Records contained in a dataset

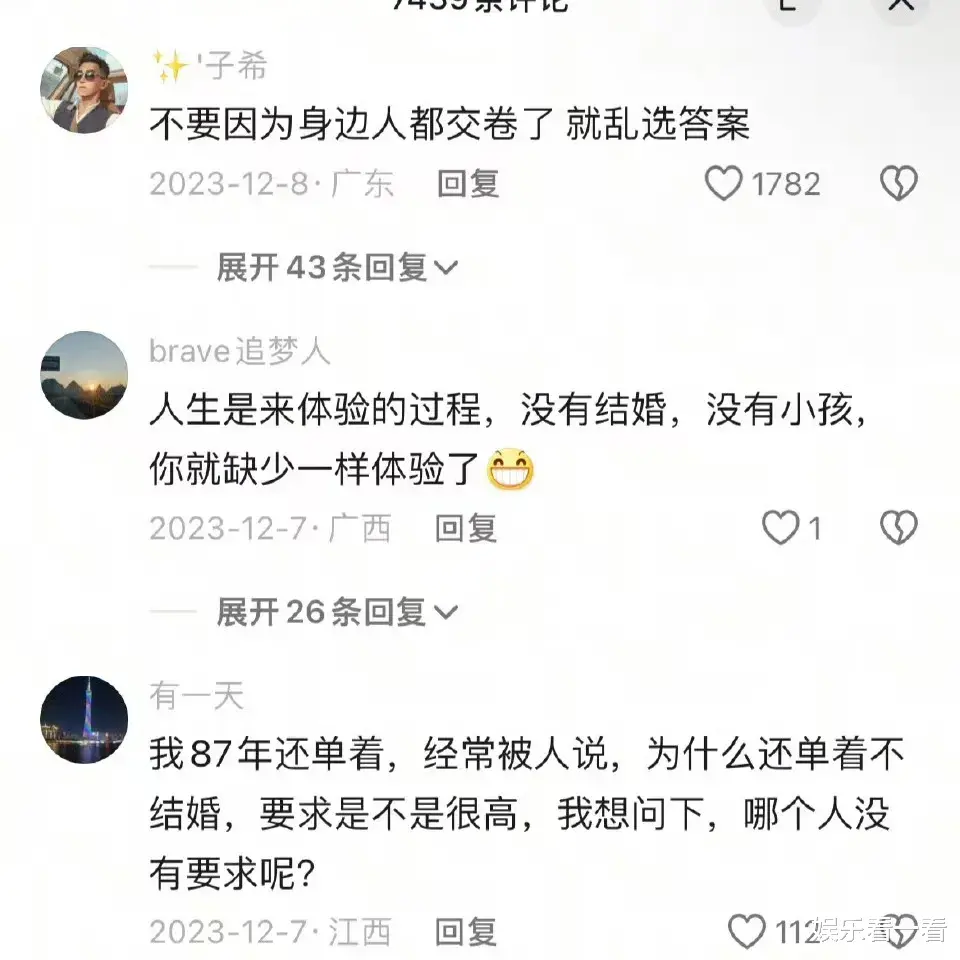 许多网友表示尊重她的决定,并希望她能找到真正的幸福,认为结婚并不是衡量一个人是否幸福的唯一标准,真正重要的是能够找到一种适合自己的生活方式,让自己的内心感到满足和平静。
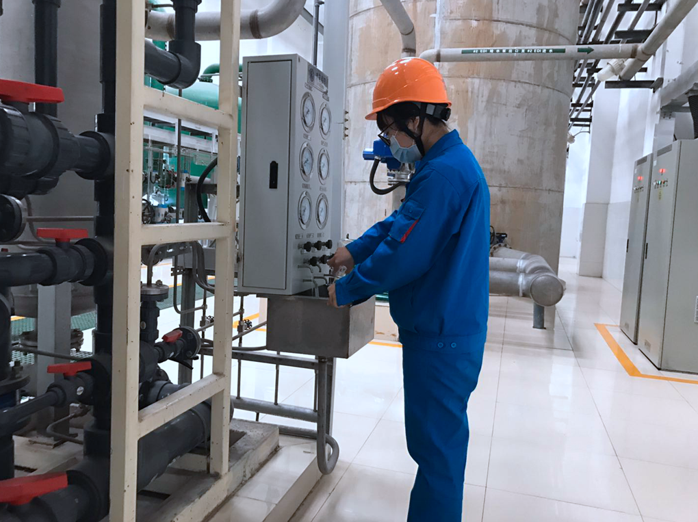 在疫情面前,她是精明能干的檢查員,加大設(shè)備巡查和安全隱患排查力度,特別是對除鹽制水,消防水,生活水及工業(yè)廢水等所有的制水設(shè)備開展“拉網(wǎng)”式檢查;及時(shí)發(fā)現(xiàn)設(shè)備缺陷和隱患并協(xié)調(diào)處理,積極組織消除威脅安全生產(chǎn)的缺陷和隱患,確保機(jī)組健康穩(wěn)定運(yùn)行;同時(shí),加強(qiáng)水質(zhì)重要參數(shù)的監(jiān)視和調(diào)整,“晨星理數(shù)據(jù),戴月分析歸”,使各項(xiàng)數(shù)據(jù)更及時(shí),更具體,精益求精,嚴(yán)格落實(shí)水箱液位,確保用水狀態(tài)可控、在控,全面開展疫情防控期間發(fā)電工作。
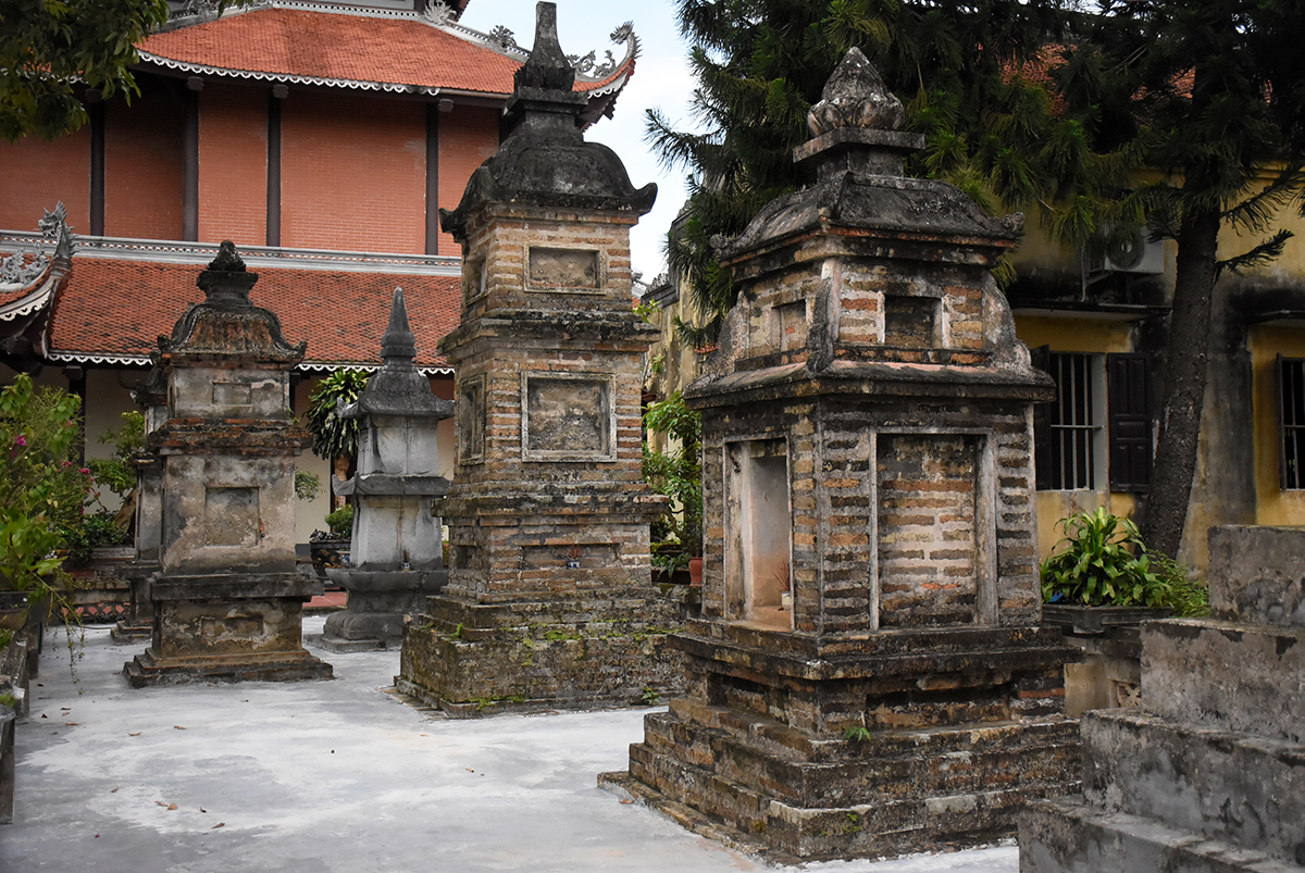 Trải qua chiến tranh tàn phá, chùa vẫn còn lưu giữ được hệ thống tháp đá thời Lê và thời Nguyễn khá đồ sộ.
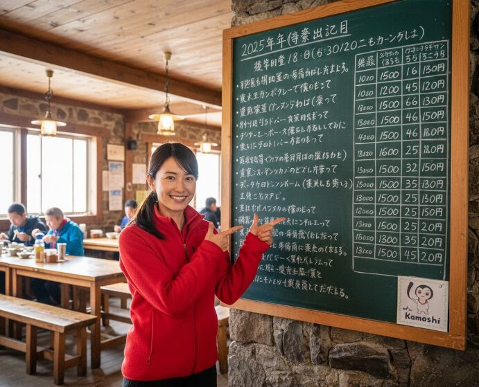 特にオリジナルのカモシカキャラクター「カモシー」をあしらったメニューやグッズ展開は、山小屋という場所に親しみやすさを与えてくれています。こうしたホスピタリティの高さが、リピーターを惹きつけてやまない理由かなと思います。
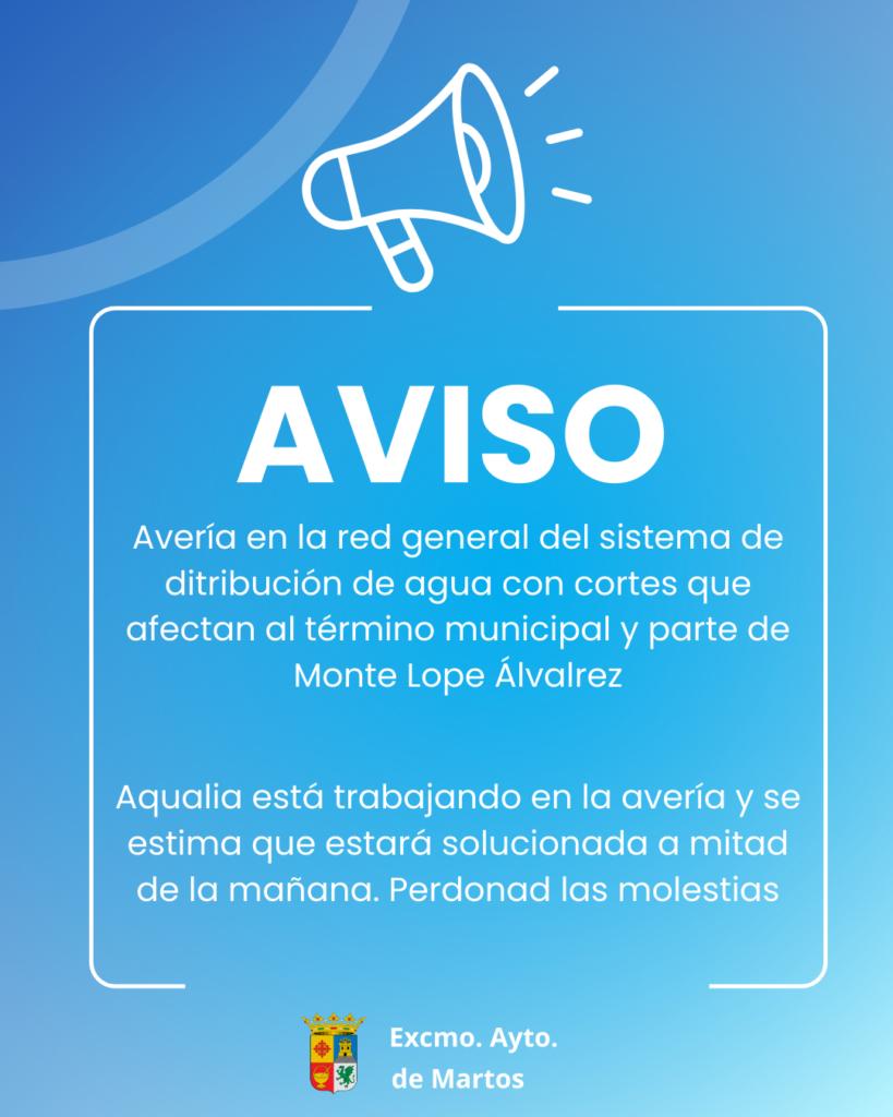 Aqualia está trabajando en la solución y se estima que el servicio se restablecerá a media mañana. Gracias y perdonad las molestias.
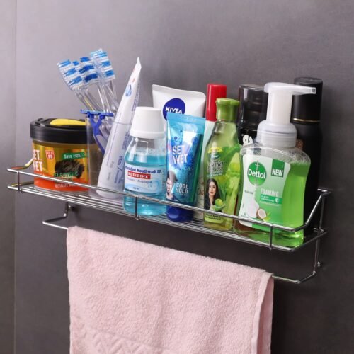 - Size & Dimensions – 40 × 11.2 × 10 cm. Package includes 1 Chrome Shelf with integrated towel bar.

● **TASK OBJECTIVE**
The answer must restate each entry word for word and contain no images.

● **RESPONSE BELOW**
 许多网友表示尊重她的决定,并希望她能找到真正的幸福,认为结婚并不是衡量一个人是否幸福的唯一标准,真正重要的是能够找到一种适合自己的生活方式,让自己的内心感到满足和平静。
 在疫情面前,她是精明能干的檢查員,加大設(shè)備巡查和安全隱患排查力度,特別是對除鹽制水,消防水,生活水及工業(yè)廢水等所有的制水設(shè)備開展“拉網(wǎng)”式檢查;及時(shí)發(fā)現(xiàn)設(shè)備缺陷和隱患并協(xié)調(diào)處理,積極組織消除威脅安全生產(chǎn)的缺陷和隱患,確保機(jī)組健康穩(wěn)定運(yùn)行;同時(shí),加強(qiáng)水質(zhì)重要參數(shù)的監(jiān)視和調(diào)整,“晨星理數(shù)據(jù),戴月分析歸”,使各項(xiàng)數(shù)據(jù)更及時(shí),更具體,精益求精,嚴(yán)格落實(shí)水箱液位,確保用水狀態(tài)可控、在控,全面開展疫情防控期間發(fā)電工作。
 Trải qua chiến tranh tàn phá, chùa vẫn còn lưu giữ được hệ thống tháp đá thời Lê và thời Nguyễn khá đồ sộ.
 特にオリジナルのカモシカキャラクター「カモシー」をあしらったメニューやグッズ展開は、山小屋という場所に親しみやすさを与えてくれています。こうしたホスピタリティの高さが、リピーターを惹きつけてやまない理由かなと思います。
 Aqualia está trabajando en la solución y se estima que el servicio se restablecerá a media mañana. Gracias y perdonad las molestias.
 - Size & Dimensions – 40 × 11.2 × 10 cm. Package includes 1 Chrome Shelf with integrated towel bar.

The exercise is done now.